__Task objective__.
Look through the entries below and copy exactly the part that begins with the line containing "a helper set, consisting" and ends with the line containing "Colourful under the". Do not copy the pictures.

__Extracted records__.
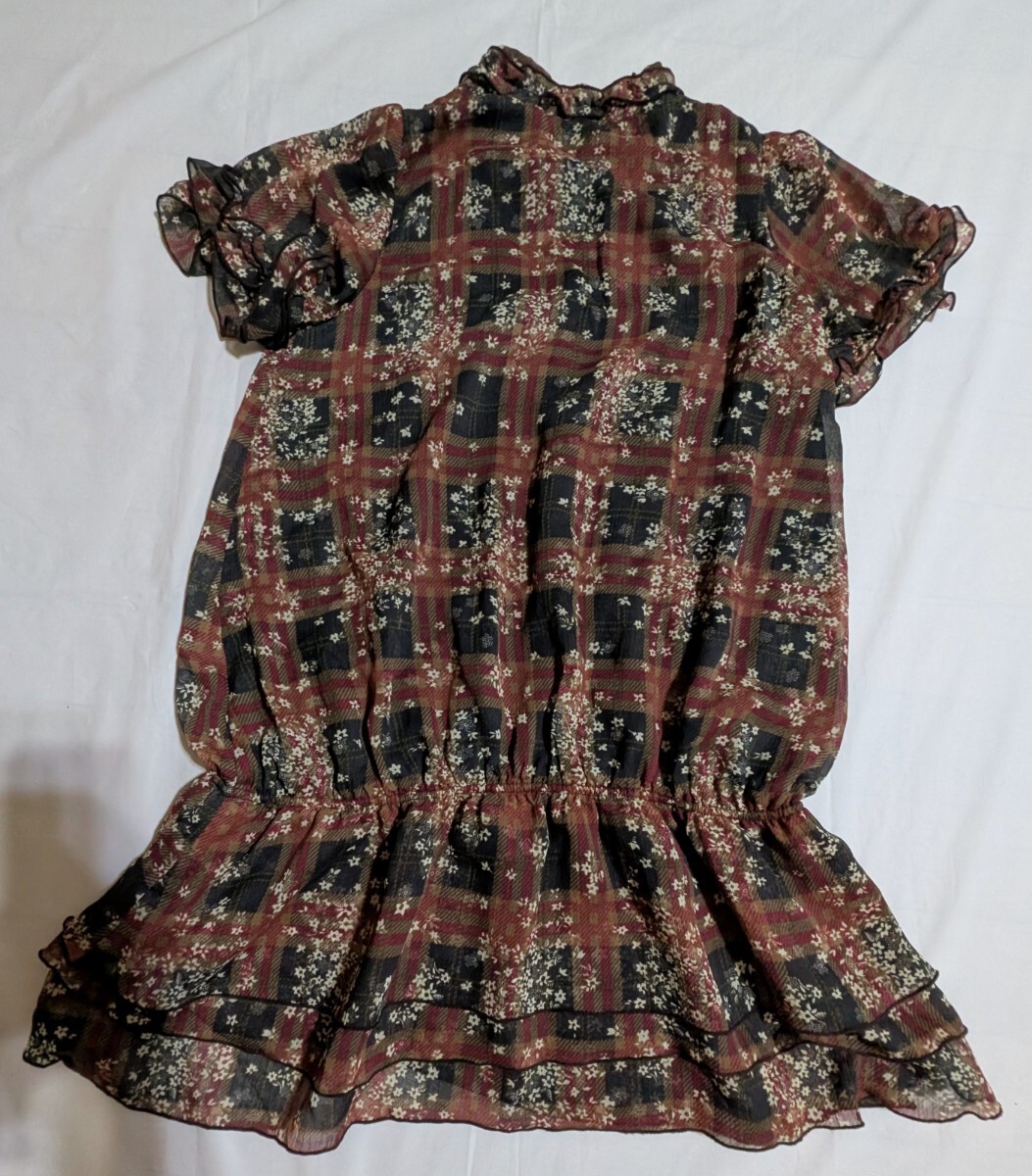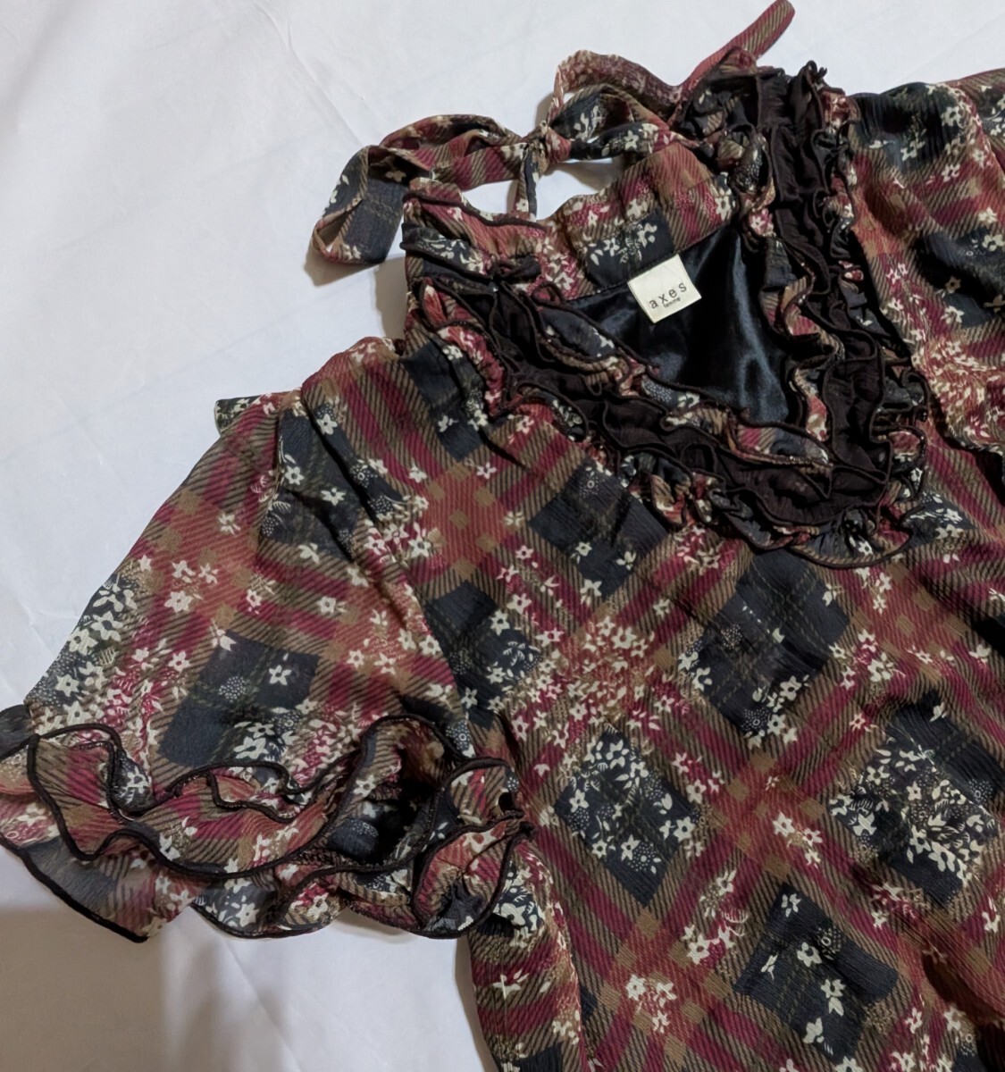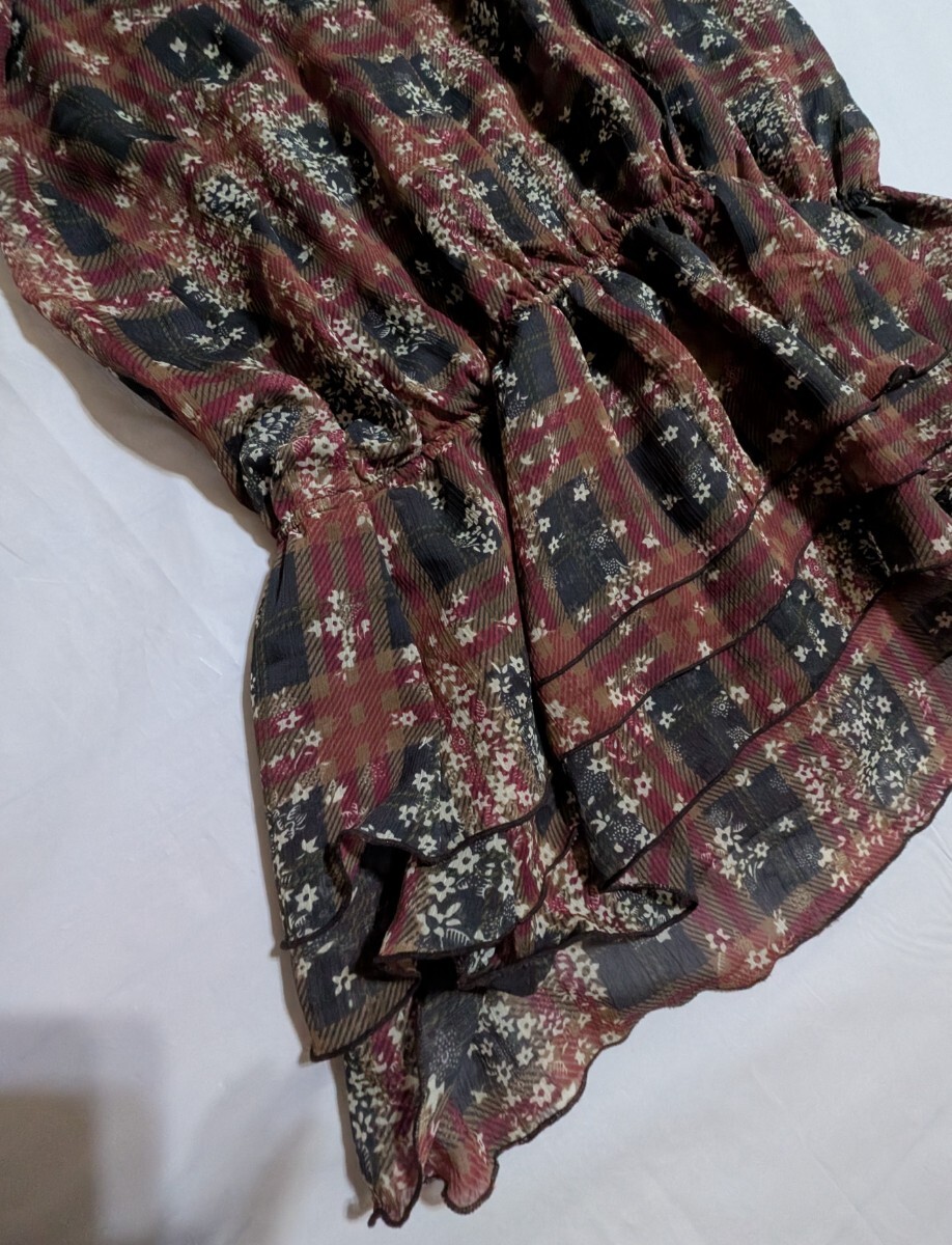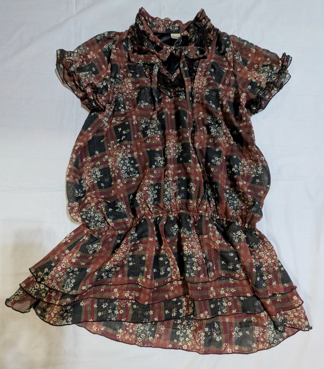 axes femme アクシーズファム赤茶マドラスチェック&花柄チュニックワンピ/M/美品! [管A-22]
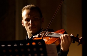 Ігор Завгородній, 33 роки, - скрипаль, альтист, композитор, мульти-інструменталіст - розпочав камерний вечір сольно, музикою Й.С Баха: «Віолончельну сюїту Баха 5 до-мінор BWV 1011 сьогодні я публічно грав вперше – на альті, і з урахуванням позначок автора щодо строю інструмента у скордатурі, власне як Бах її і написав (верхня струна «ля» перелаштовується на тон нижче).
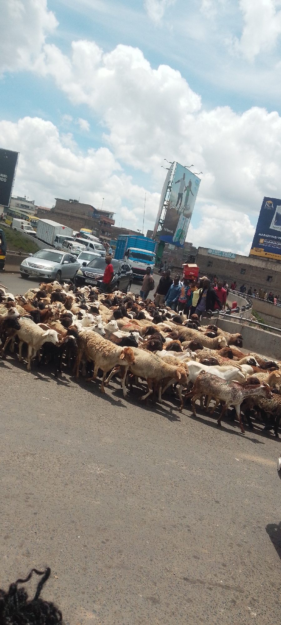 - "A large flock of sheep is crossing a busy street in Nairobi, Kenya, halting traffic" by FM-vf1M43, licensed under CC BY 4.0
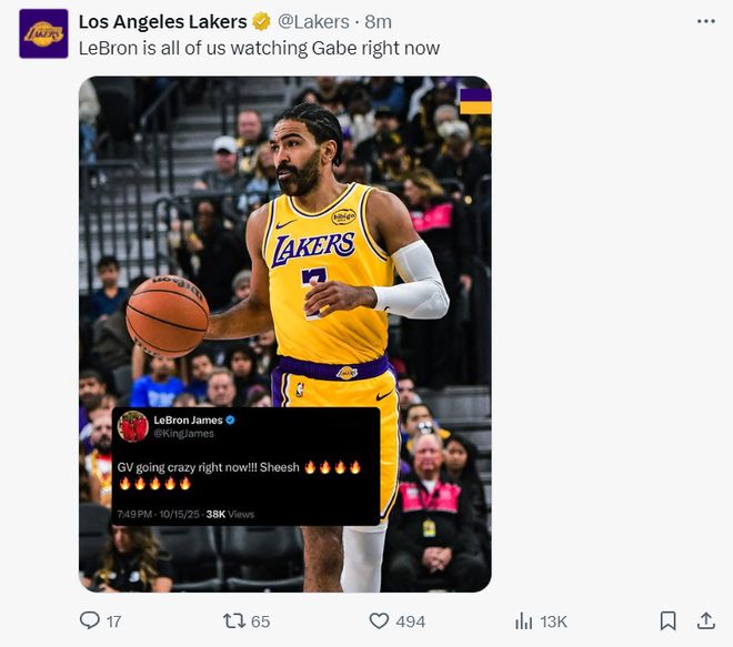 湖人官方写道,文森特刚刚连续命中了五个三分球。
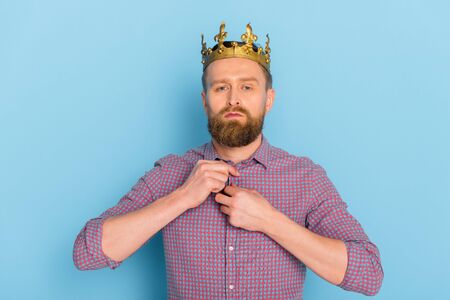 Portrait of confident ambitious man wearing golden crown, looking with arrogance, declaring his authority and leadership, superior privileged status. studio shot isolated on blue background
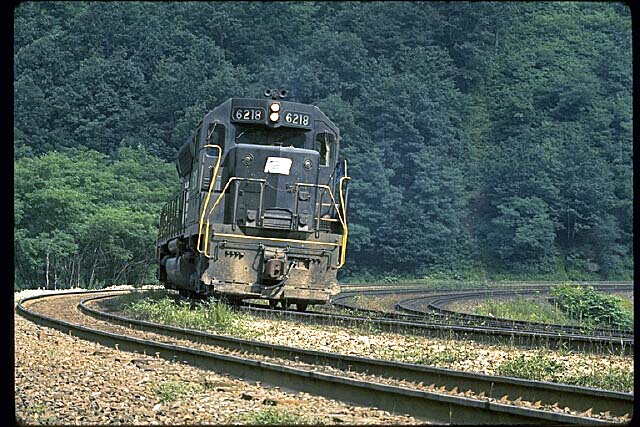 a helper set, consisting of SD45 6219 and SD35 6000, drifts downhill on their way back to Altoona. To the right
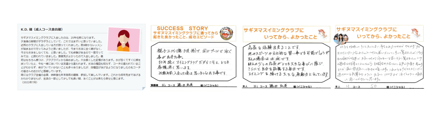 大会やクラブ内の記録会など、多様なイベントがあります。更に、水泳以外にもマラソン、散歩、もちつきなど、幅広いイベントで新たな仲間や発見が広がります。
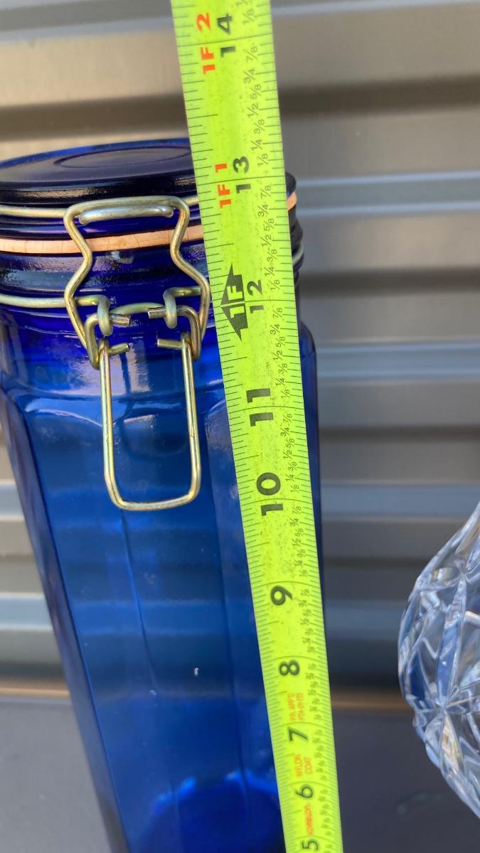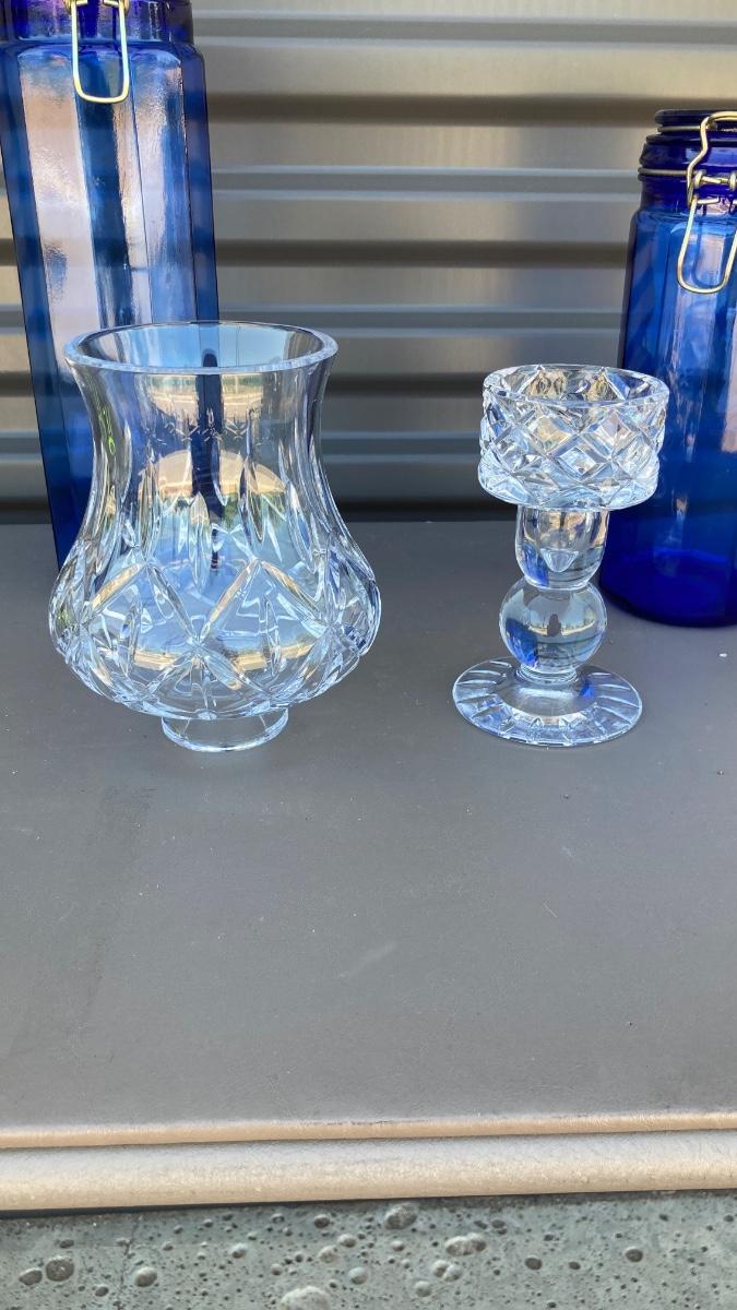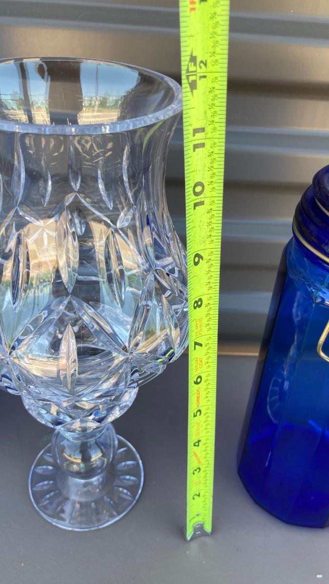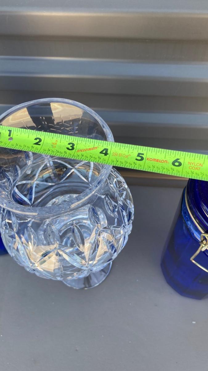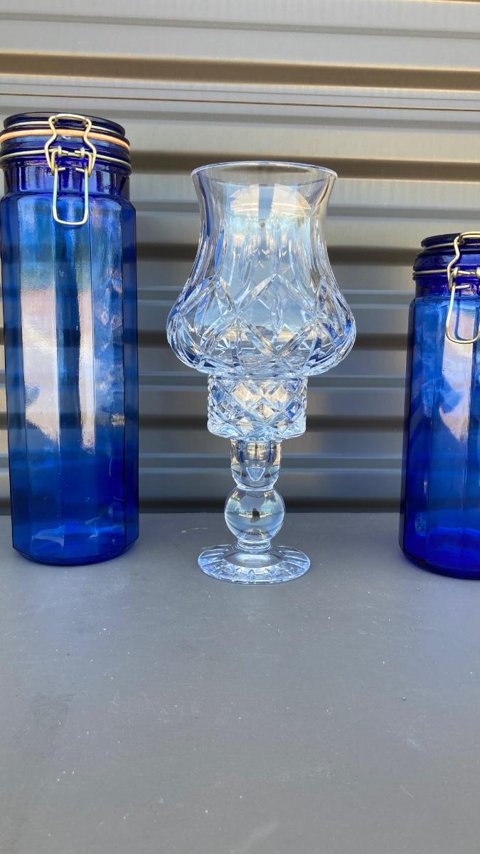 LEAD CRYSTAL CANDLE •¯ï¸ HOLDER AND COBALT BLUE CANISTERS, GLASS Decanter with no stopper
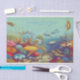 Colourful under the sea scene of coral, schools of fish, jellyfish, shrimp and a shark
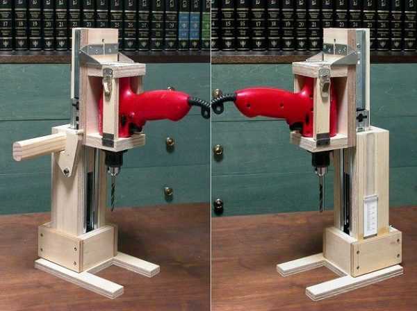 Есть и более сложные конструкции. Если установить надежный подвес для ручного фрезера, вы сможете выполнять сложную фигурную обработку, в том числе и по шаблонам.Самодельные сверлильные станки. Есть удобные приспособления для дрели, которые превращают ручной инструмент в стационарное оборудование. Но такие стойки опять же стоят денег.

__Solved problem__.
 a helper set, consisting of SD45 6219 and SD35 6000, drifts downhill on their way back to Altoona. To the right
 大会やクラブ内の記録会など、多様なイベントがあります。更に、水泳以外にもマラソン、散歩、もちつきなど、幅広いイベントで新たな仲間や発見が広がります。
 LEAD CRYSTAL CANDLE •¯ï¸ HOLDER AND COBALT BLUE CANISTERS, GLASS Decanter with no stopper
 Colourful under the sea scene of coral, schools of fish, jellyfish, shrimp and a shark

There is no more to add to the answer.